◆ **EXERCISE**
The whole listing below needs to be duplicated exactly, pictures aside.

◆ **RECORDS PROVIDED**
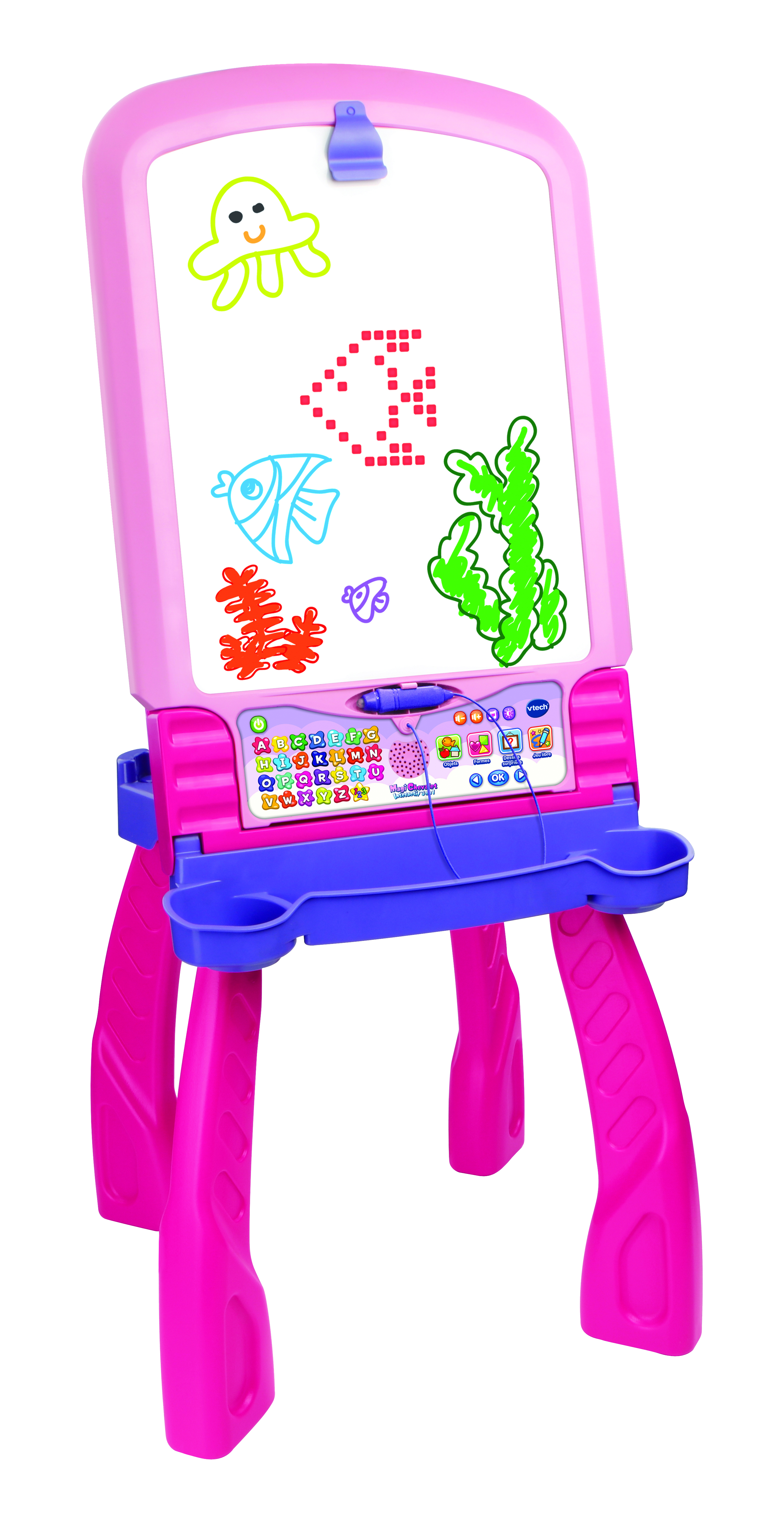 - Chevalet : avec un écran interactif lumineux pour apprendre à tracer les lettres, les chiffres de 1 à 20, 40 objets et 12 formes… L'enfant apprend à tracer les lettres en suivant les lumières qui s'allument une à une à l'écran! Grâce au stylet magique inclus, l'enfant réalise des dessins pas à pas! Génial : une fois terminés, les dessins prennent vie et l'enfant découvre une animation!
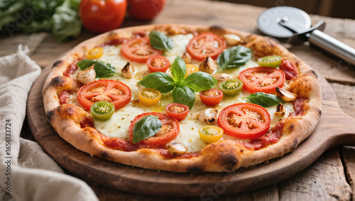 Freshly baked pizza with tomatoes, basil, garlic and melted cheese served on wooden board in rustic kitchen setting.
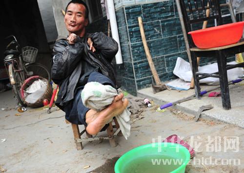 從十歲起,紅印就幫著媽媽燒鍋做飯,用腳學著點火,朝鍋底里續柴火,慢慢長大后,自己學會吃飯、洗衣、看家、簡單種菜,有時候還能修理個鄰居給的小玩具和小家電。他雖然不會說話,但能聽懂家里人的話意。紅印的爸爸今年68歲,提起紅印也愁也喜,“家里人都忙,幾個孩子相繼成家,我還有幾畝地要種,平時顧不上他,他自己也學著做些事情,真難為他啦!”
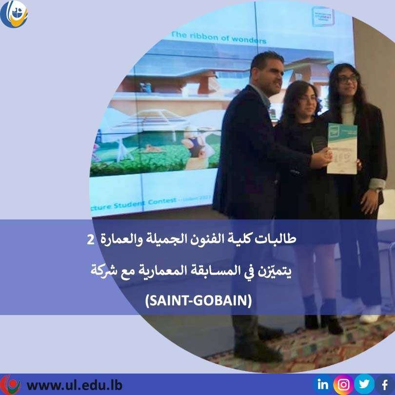 فازت مجموعة من طالبات سنة أولى ماستر/هندسة معمارية في كلية الفنون الجميلة والعمارة – الفرع الثاني/الجامعة اللبنانية في المسابقة المعمارية الدولية التي نظمتها شركة (Saint-Gobain) العالمية وخصصتها في عام 2023 لمدينة لشبونة البرتغالية.
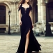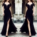 Designed with a mysterious and flattering black tone,the off-shoulder,square collar and slit
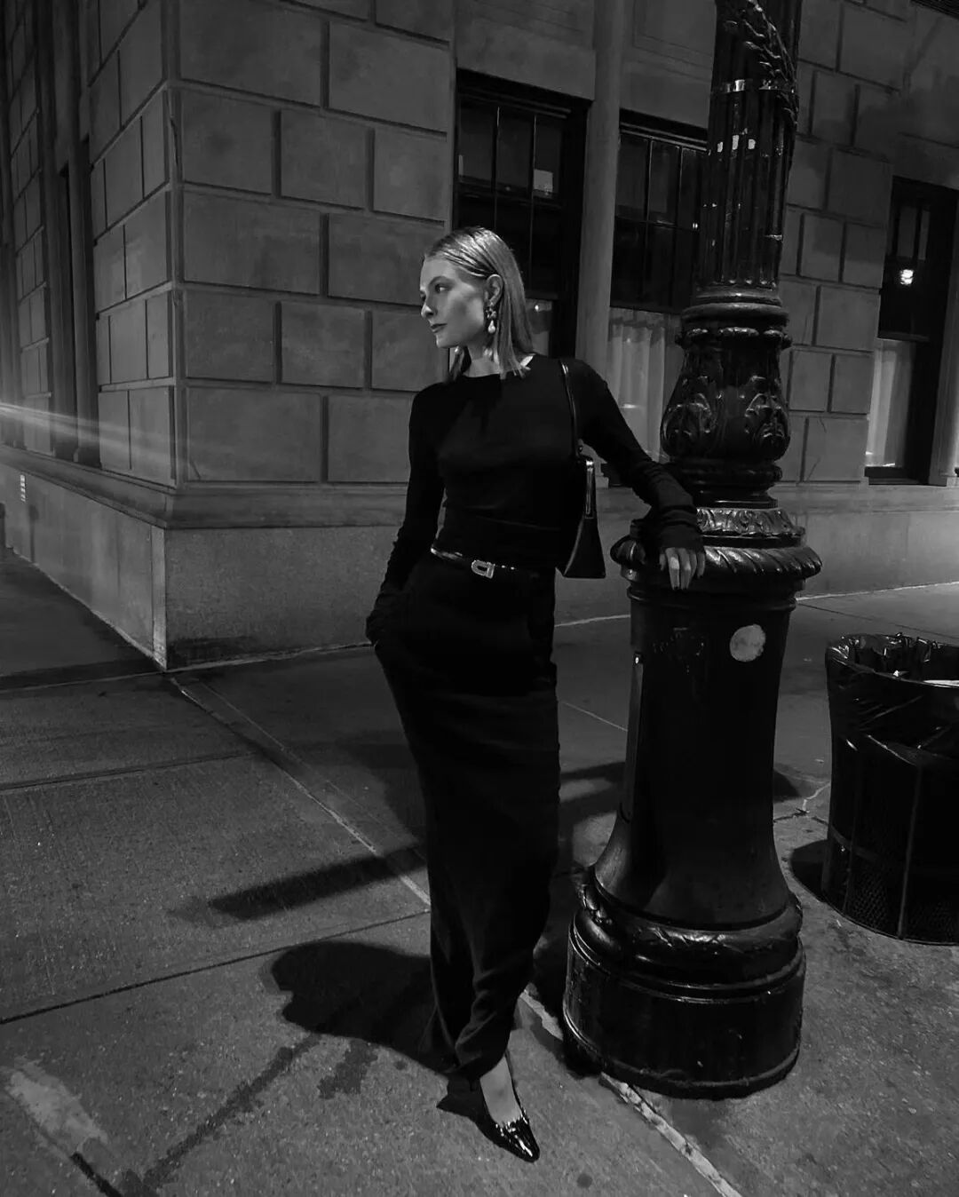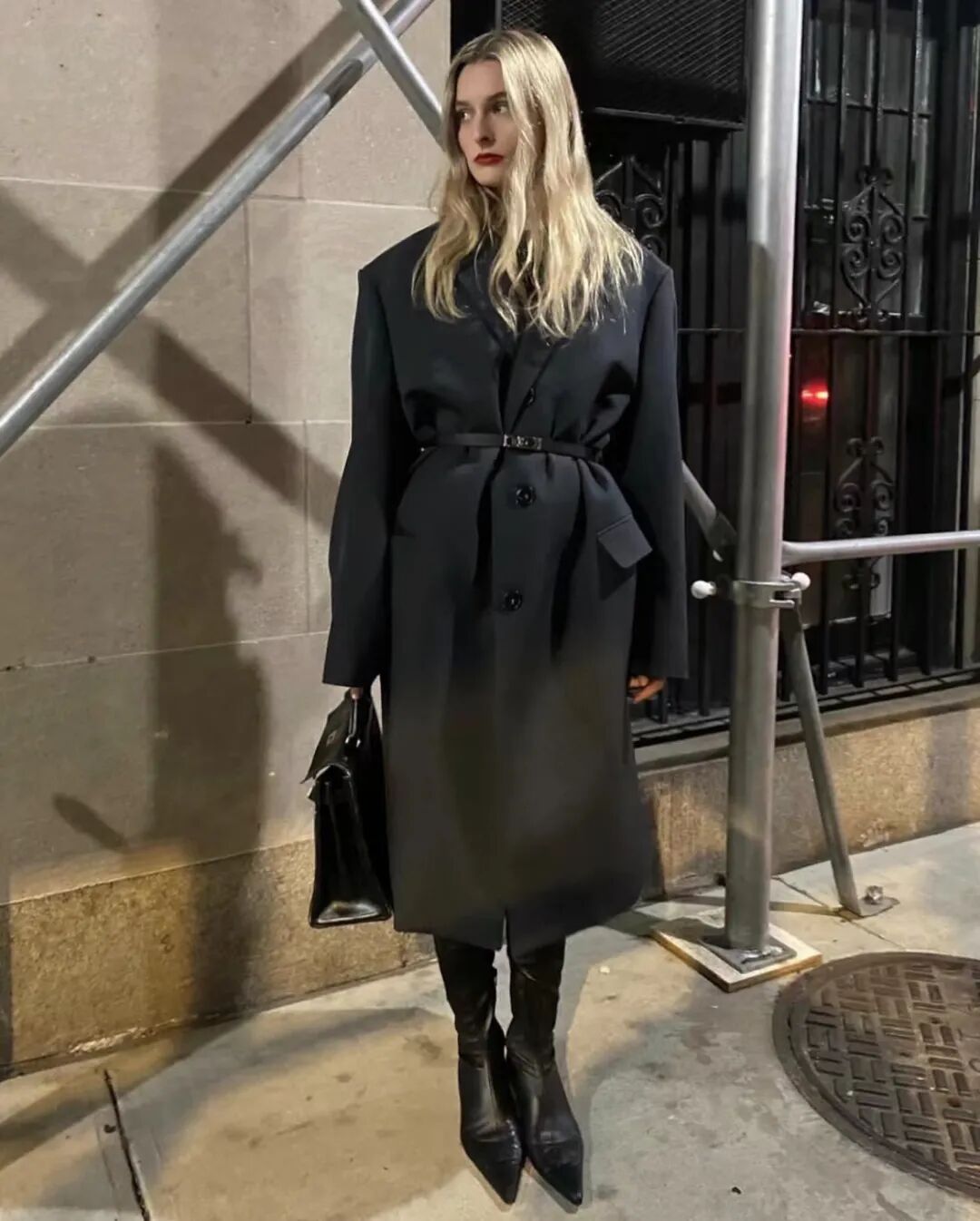 还有这条Stella McCartney金属扣皮带,也是“调节”穿搭气氛的高手。金银色的装饰扣摩登而醒目,比普通皮带更多了一重装饰性在。可以系在黑色大衣、西装或连衣裙外,请参考Christie的街拍⬆️。![]()
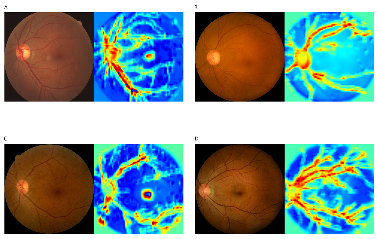 图2. 深度学习模型热图提示人工智能模型预测发病(A、B)及进展(C、D)主要关注视盘边缘和盘沿上、下血管弓区域,与临床上的关注点极为相似
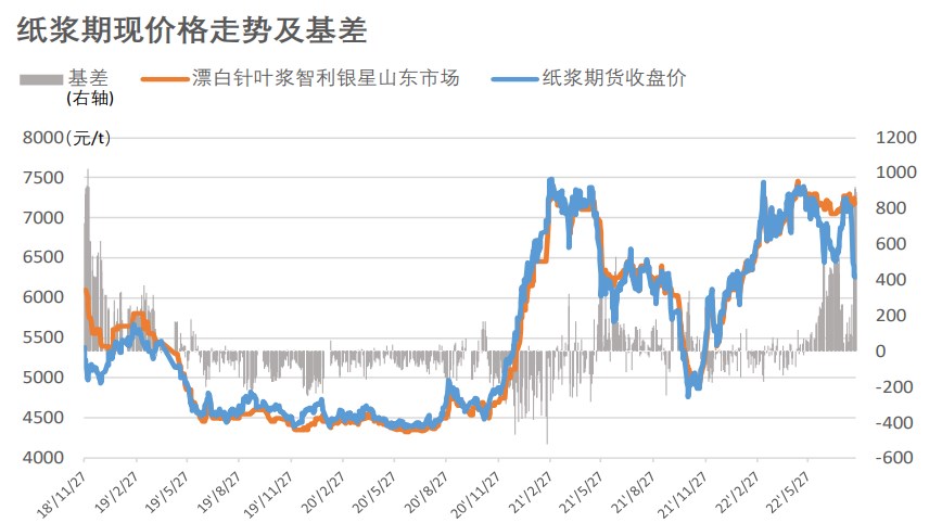 需求端原紙市場近期需求整體變動有限,行業傳統旺季即將到來,需求預期好轉,但主力合約短時間內上漲回調力度不佳,預計本周漿價弱勢震蕩概率較大。
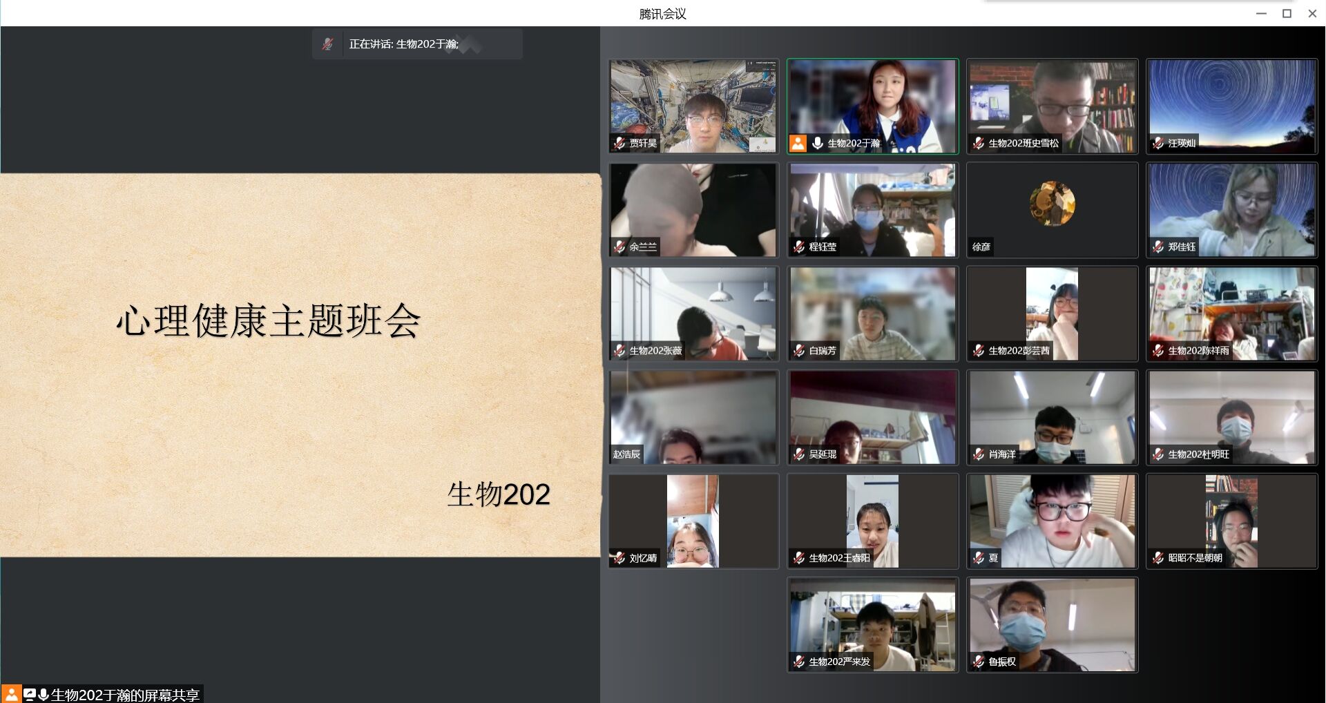 心理健康教育是以积极向上的人生观为指导,树立正确的心理发展观,良好的心理素质是人的全面素质中的重要组成部分。心理健康教育是提高当代老员工的心理素质的重要措施,是实施素质教育的重要内容。为此,生物202班开展了心理健康教育主题班会。
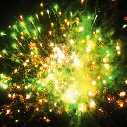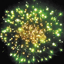 12. Фиолетово- зеленая сфера (пион) и облако золотого треска (трещащий дождь)
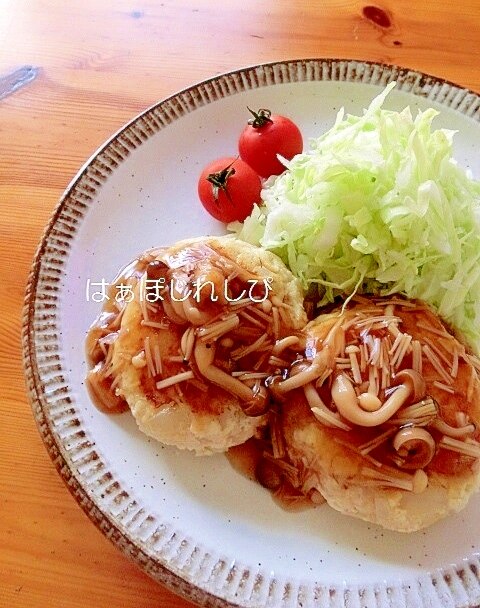 お肉なし♪豆腐ハンバーグのきのこ甘酢あんかけ✿料理名:きのこ甘酢あんかけ豆腐ハンバーグ作者: はぁぽじ■材料(2~4人分)木綿豆腐 / 300g玉ねぎ(みじん切り) / 1/2個しめじ(石づきをとって小房に分ける) / 50gえのき(石づきをとって1cmに切る) / 50g溶き卵 / 1個分生姜(すりおろし) / 小さじ1と1/2塩・こしょう / 各少々パン粉 / カップ1~1と1/2〇めんつゆ(3倍濃縮) / 80ml〇水 / 80ml〇酢 / 大さじ2水溶き片栗粉 / 片栗粉小さじ2+水小さじ2ごま油 / 大さじ1/2■レシピを考えた人のコメントお豆腐だけのハンバーグです。甘酢あんはめんつゆをつかった簡単なものです♪写真は1人分(我が家は2~3個)ですが手のひらサイズのもの4~5個分できます!詳細を楽天レシピで見る→

◆ **PROBLEM SOLUTION**
 - Chevalet : avec un écran interactif lumineux pour apprendre à tracer les lettres, les chiffres de 1 à 20, 40 objets et 12 formes… L'enfant apprend à tracer les lettres en suivant les lumières qui s'allument une à une à l'écran! Grâce au stylet magique inclus, l'enfant réalise des dessins pas à pas! Génial : une fois terminés, les dessins prennent vie et l'enfant découvre une animation!
 Freshly baked pizza with tomatoes, basil, garlic and melted cheese served on wooden board in rustic kitchen setting.
 從十歲起,紅印就幫著媽媽燒鍋做飯,用腳學著點火,朝鍋底里續柴火,慢慢長大后,自己學會吃飯、洗衣、看家、簡單種菜,有時候還能修理個鄰居給的小玩具和小家電。他雖然不會說話,但能聽懂家里人的話意。紅印的爸爸今年68歲,提起紅印也愁也喜,“家里人都忙,幾個孩子相繼成家,我還有幾畝地要種,平時顧不上他,他自己也學著做些事情,真難為他啦!”
 فازت مجموعة من طالبات سنة أولى ماستر/هندسة معمارية في كلية الفنون الجميلة والعمارة – الفرع الثاني/الجامعة اللبنانية في المسابقة المعمارية الدولية التي نظمتها شركة (Saint-Gobain) العالمية وخصصتها في عام 2023 لمدينة لشبونة البرتغالية.
 Designed with a mysterious and flattering black tone,the off-shoulder,square collar and slit
 还有这条Stella McCartney金属扣皮带,也是“调节”穿搭气氛的高手。金银色的装饰扣摩登而醒目,比普通皮带更多了一重装饰性在。可以系在黑色大衣、西装或连衣裙外,请参考Christie的街拍⬆️。![]()
 图2. 深度学习模型热图提示人工智能模型预测发病(A、B)及进展(C、D)主要关注视盘边缘和盘沿上、下血管弓区域,与临床上的关注点极为相似
 需求端原紙市場近期需求整體變動有限,行業傳統旺季即將到來,需求預期好轉,但主力合約短時間內上漲回調力度不佳,預計本周漿價弱勢震蕩概率較大。
 心理健康教育是以积极向上的人生观为指导,树立正确的心理发展观,良好的心理素质是人的全面素质中的重要组成部分。心理健康教育是提高当代老员工的心理素质的重要措施,是实施素质教育的重要内容。为此,生物202班开展了心理健康教育主题班会。
 12. Фиолетово- зеленая сфера (пион) и облако золотого треска (трещащий дождь)
 お肉なし♪豆腐ハンバーグのきのこ甘酢あんかけ✿料理名:きのこ甘酢あんかけ豆腐ハンバーグ作者: はぁぽじ■材料(2~4人分)木綿豆腐 / 300g玉ねぎ(みじん切り) / 1/2個しめじ(石づきをとって小房に分ける) / 50gえのき(石づきをとって1cmに切る) / 50g溶き卵 / 1個分生姜(すりおろし) / 小さじ1と1/2塩・こしょう / 各少々パン粉 / カップ1~1と1/2〇めんつゆ(3倍濃縮) / 80ml〇水 / 80ml〇酢 / 大さじ2水溶き片栗粉 / 片栗粉小さじ2+水小さじ2ごま油 / 大さじ1/2■レシピを考えた人のコメントお豆腐だけのハンバーグです。甘酢あんはめんつゆをつかった簡単なものです♪写真は1人分(我が家は2~3個)ですが手のひらサイズのもの4~5個分できます!詳細を楽天レシピで見る→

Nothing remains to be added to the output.